PROBLEM DESCRIPTION: The required output is the line containing "82版的1/4盎司熊猫金币" and every line after it, transcribed exactly through the end of the data below.

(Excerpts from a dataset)
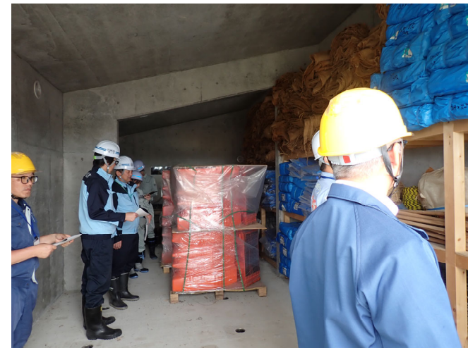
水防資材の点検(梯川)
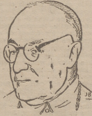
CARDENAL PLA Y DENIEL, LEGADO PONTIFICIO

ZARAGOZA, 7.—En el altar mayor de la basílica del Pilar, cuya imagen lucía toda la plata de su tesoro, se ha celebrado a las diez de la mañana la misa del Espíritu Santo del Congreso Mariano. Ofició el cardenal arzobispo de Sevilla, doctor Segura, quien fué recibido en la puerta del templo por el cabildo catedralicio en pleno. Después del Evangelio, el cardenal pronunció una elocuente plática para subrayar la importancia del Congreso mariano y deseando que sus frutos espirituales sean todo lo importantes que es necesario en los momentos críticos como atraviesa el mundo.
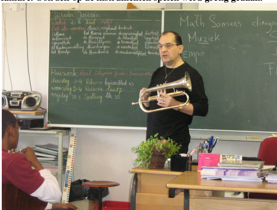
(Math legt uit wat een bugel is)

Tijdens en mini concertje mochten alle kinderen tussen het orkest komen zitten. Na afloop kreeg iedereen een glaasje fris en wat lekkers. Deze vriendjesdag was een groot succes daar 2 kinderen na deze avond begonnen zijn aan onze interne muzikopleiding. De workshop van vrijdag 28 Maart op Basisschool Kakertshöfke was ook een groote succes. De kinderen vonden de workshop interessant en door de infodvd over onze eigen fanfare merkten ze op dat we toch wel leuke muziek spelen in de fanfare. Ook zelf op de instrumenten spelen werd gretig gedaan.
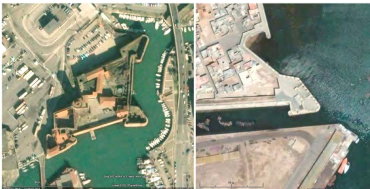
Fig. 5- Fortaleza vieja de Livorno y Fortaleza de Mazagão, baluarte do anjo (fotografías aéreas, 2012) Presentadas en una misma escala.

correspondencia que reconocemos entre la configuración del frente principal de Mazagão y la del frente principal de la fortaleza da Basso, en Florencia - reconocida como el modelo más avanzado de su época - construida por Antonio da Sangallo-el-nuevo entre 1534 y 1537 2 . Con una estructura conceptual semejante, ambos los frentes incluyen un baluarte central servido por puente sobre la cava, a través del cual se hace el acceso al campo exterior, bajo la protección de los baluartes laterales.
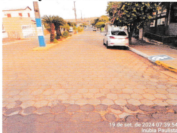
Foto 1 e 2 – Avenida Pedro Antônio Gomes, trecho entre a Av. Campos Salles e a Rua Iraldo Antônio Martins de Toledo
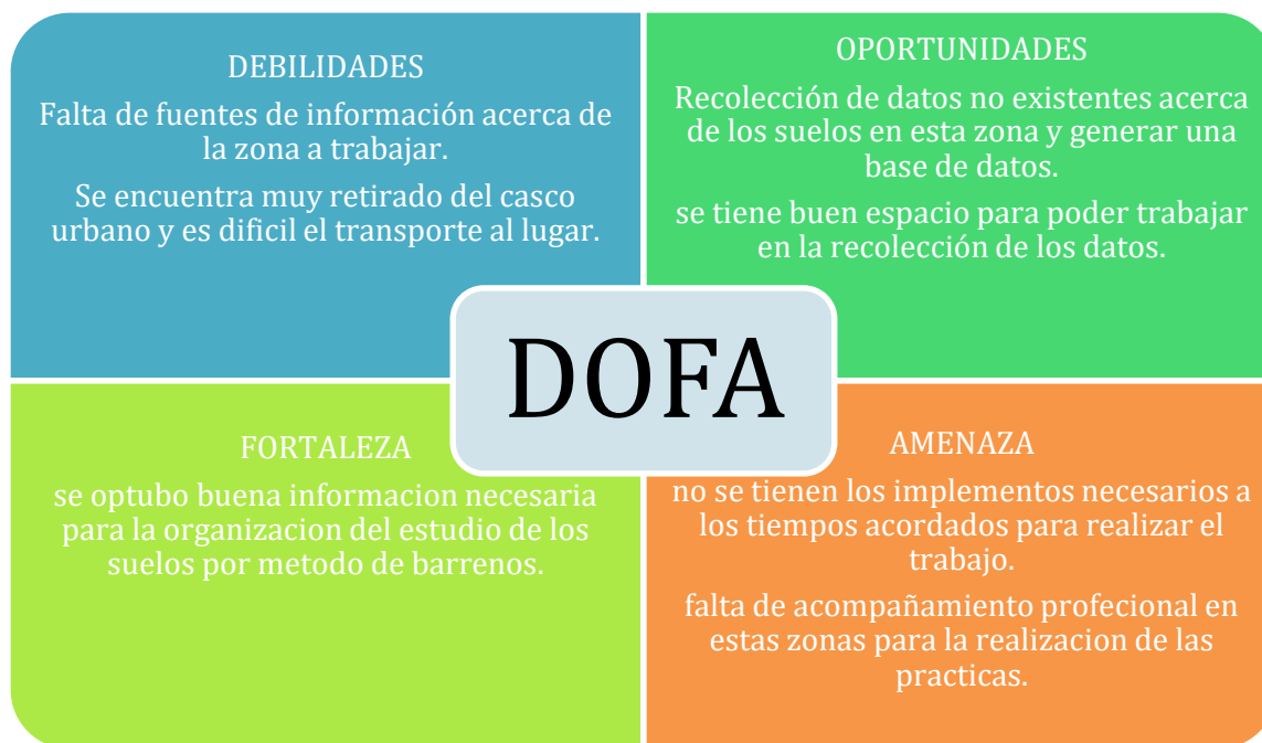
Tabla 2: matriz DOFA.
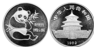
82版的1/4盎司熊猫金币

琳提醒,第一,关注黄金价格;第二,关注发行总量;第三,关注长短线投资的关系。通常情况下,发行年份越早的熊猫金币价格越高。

ANSWER SECTION:
82版的1/4盎司熊猫金币

琳提醒,第一,关注黄金价格;第二,关注发行总量;第三,关注长短线投资的关系。通常情况下,发行年份越早的熊猫金币价格越高。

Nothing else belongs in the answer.